$\DeclareMathOperator\perm{perm}\DeclareMathOperator\diag{diag}$Using MacMahon's master theorem, the properties of complex gaussian integrals, and Cauchy's integral theorem one can show that the permanent of a matrix $A$ satisfies \begin{equation} \perm(A) = \frac{1}{\pi^N} \int_{\mathbb{R}^{2N}} d^N\mathbf{u} \, \exp\Bigl( -\sum_{i=1}^N \mathbf{u}_i^2 \Bigr) \prod_{i=1}^{N} \Bigl(\mathbf{u}_i\cdot\sum_{j=1}^NA_{ij} \mathbf{u}_j\Bigr), \end{equation} where $\mathbf{u}_i \equiv (u_{i1}, u_{i2})$ and $d^{N}\mathbf{u} \equiv \prod^{N}_{i =1}du_{i1} \wedge du_{i2}$.

My guess is that this result is not new, but I'm not familiar with the literature on such identities. Is this identity known? Alternatively, where would be a good place to check for similar such identities?

Proof of Identity

The truth of the identity could be inferred from noting that we need our gaussian to integrate a function where $\mathbf{u}_i$ for each $i$ appears exactly twice.

To prove it directly, we note that MacMahon's master theorem states that the permanent of a matrix $A$ is the $x_1x_2\dotsm x_N$ coefficient of the quantity \begin{equation} \frac{1}{\det(I - XA)}, \end{equation} where $I$ is the $N\times N$ identity matrix and $X \equiv \diag(x_1, x_2, \dotsc, x_N)$. Thus, we have \begin{equation} \perm(A) = \frac{1}{(2\pi i)^N} \oint \left[\prod_{i=1}^{N} \frac{dq_i}{q_i^2} \right] \frac{1}{\det(I- QA)}, \label{eq:perm_def} \end{equation} where $Q = \diag(q_1, q_2, \ldots, q_N)$, $q_i$ is a complex variable, and we are performing $N$ contour integrations in sequence. Defining a set of $N$ two-dimensional vectors $\{\mathbf{u}_i\}$ as $\textbf{u}_i \equiv (u_{i1}, u_{i2})$, we have \begin{equation} \frac{1}{\det(I-QA)} = \frac{1}{\pi^N} \int_{\mathbb{R}^{2N}} d^{N}\mathbf{u}\,\exp\Bigl(- \sum_{i, j=1}^N \mathbf{u}_i \cdot \left(\delta_{ij} - q_{i} A_{ij}\right) \mathbf{u}_{j}\Bigr). \label{eq:gauss_result} \end{equation} Using this determinant expression in MacMahon's theorem and performing the contour integrations yields the stated result.

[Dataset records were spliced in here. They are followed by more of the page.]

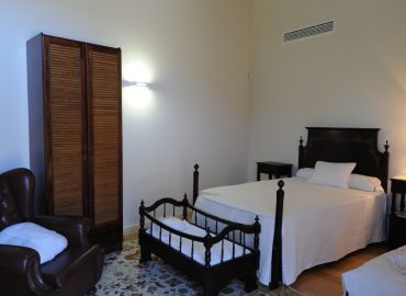 Quarto espaçoso e confortável, antiga “corte das vacas”, com pé direito duplo e instalação sanitária, tem uma cama de “corpo e meio”, uma individual e uma cama extra (também individual). Entra-se pelo antigo eido ou quinteiro.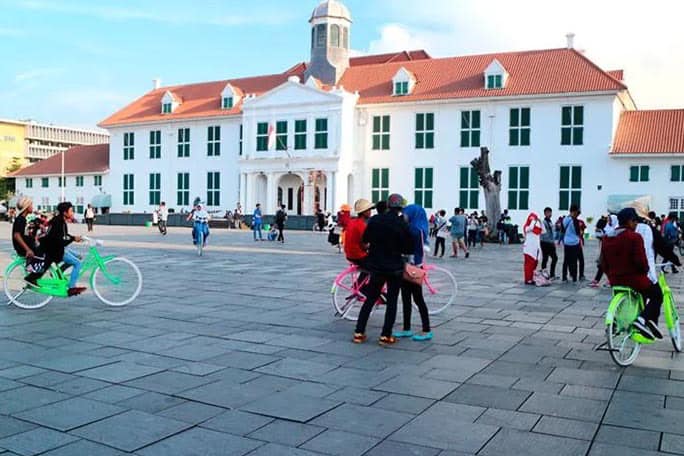 Erkunden Sie das historische niederländische Kolonialzentrum der Stadt. Mieten Sie ein farbenfrohes Fahrrad, um den Fatahillah-Platz zu erkunden.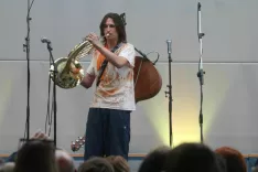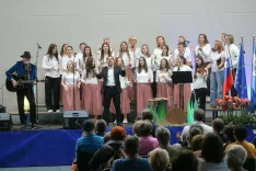 Na koncertu se je šolskemu pevskemu zboru, glasbeni skupini in zboru učiteljev pridružil tudi težko pričakovani gost Vlado Kreslin. / Foto: Alenka Brun

  • $\begingroup$ How is it related to MacMahon master theorem? This identity looks pretty straightforward: if we expand the brackets, any term not contributing to the permanent is odd with respect to at least one of variables, thus it disappears after integration. $\endgroup$ Commented Nov 1, 2020 at 18:43
  • $\begingroup$ @Fedor I agree that checking the identity is straightforward, but personally I wouldn't have thought to write it down without the prior derivation. Perhaps, the straightforwardness is a reason it is not in the literature? Though with the well known connection between determinants and gaussian integrals, I would have expected to see some reciprocal connection between permanents and gaussians $\endgroup$ Commented Nov 1, 2020 at 19:45
  • $\begingroup$ Also @ Fedor, I'll write up the explicit connection to MacMahon's master theorem as an addendum to this question. $\endgroup$ Commented Nov 1, 2020 at 19:58

1 Answer 1


In case anyone from the future comes to this post:

I wasn't able to find relevant literature that answered my question so I wrote a preprint on it (https://arxiv.org/abs/2106.11861). It turns out that the gaussian above is more complicated than necessary. The main result of the paper is a generalization of the identity above:

Let $p_X: \Omega_X \to \mathbb{R}$ be a probability distribution defined over the domain $\Omega_X$ with zero mean and unit variance. Let $A$ be an $n\times n$ matrix with elements $a_{i, j}$. Then the permanent of $A$ is \begin{equation} \text{perm}(A) = \int_{\Omega^n_{X}} d^n\textbf{x}\, \prod_{i=1}^n p_{X}(x_i) \, x_{i} \sum_{j=1}^n a_{i, j} x_j, \label{eq:fund_thm} \end{equation} where $\Omega^n_X = \Omega_X \otimes \cdots \otimes \Omega_X$ is the $n$-factor product over the single-variable domain of integration. In condensed notation, we can write this result as the expectation value \begin{equation} \text{perm}(A) = \left\langle \prod_{i=1}^nx_{i} \sum_{j=1}^n a_{i, j} x_j \right\rangle_{x_i \sim p_X}, \end{equation} where the average is over $\{x_i\}$, a set of independent identically distributed random variables each of which is drawn from $p_X$.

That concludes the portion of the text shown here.